======== Exercise data
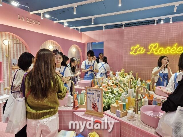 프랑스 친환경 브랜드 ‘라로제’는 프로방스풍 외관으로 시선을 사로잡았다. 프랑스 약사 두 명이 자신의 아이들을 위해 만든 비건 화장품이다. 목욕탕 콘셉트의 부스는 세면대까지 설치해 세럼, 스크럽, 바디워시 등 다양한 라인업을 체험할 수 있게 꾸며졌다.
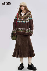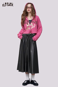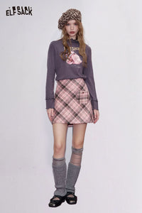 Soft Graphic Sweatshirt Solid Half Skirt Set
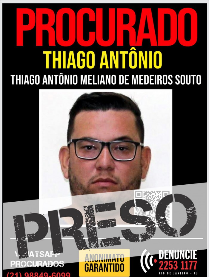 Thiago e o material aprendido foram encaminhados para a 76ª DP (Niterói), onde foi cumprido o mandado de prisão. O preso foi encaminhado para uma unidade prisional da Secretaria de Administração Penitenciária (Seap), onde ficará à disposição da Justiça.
================
What is required: Would you return the whole listing exactly, without the pictures?

Output below:
 프랑스 친환경 브랜드 ‘라로제’는 프로방스풍 외관으로 시선을 사로잡았다. 프랑스 약사 두 명이 자신의 아이들을 위해 만든 비건 화장품이다. 목욕탕 콘셉트의 부스는 세면대까지 설치해 세럼, 스크럽, 바디워시 등 다양한 라인업을 체험할 수 있게 꾸며졌다.
 Soft Graphic Sweatshirt Solid Half Skirt Set
 Thiago e o material aprendido foram encaminhados para a 76ª DP (Niterói), onde foi cumprido o mandado de prisão. O preso foi encaminhado para uma unidade prisional da Secretaria de Administração Penitenciária (Seap), onde ficará à disposição da Justiça.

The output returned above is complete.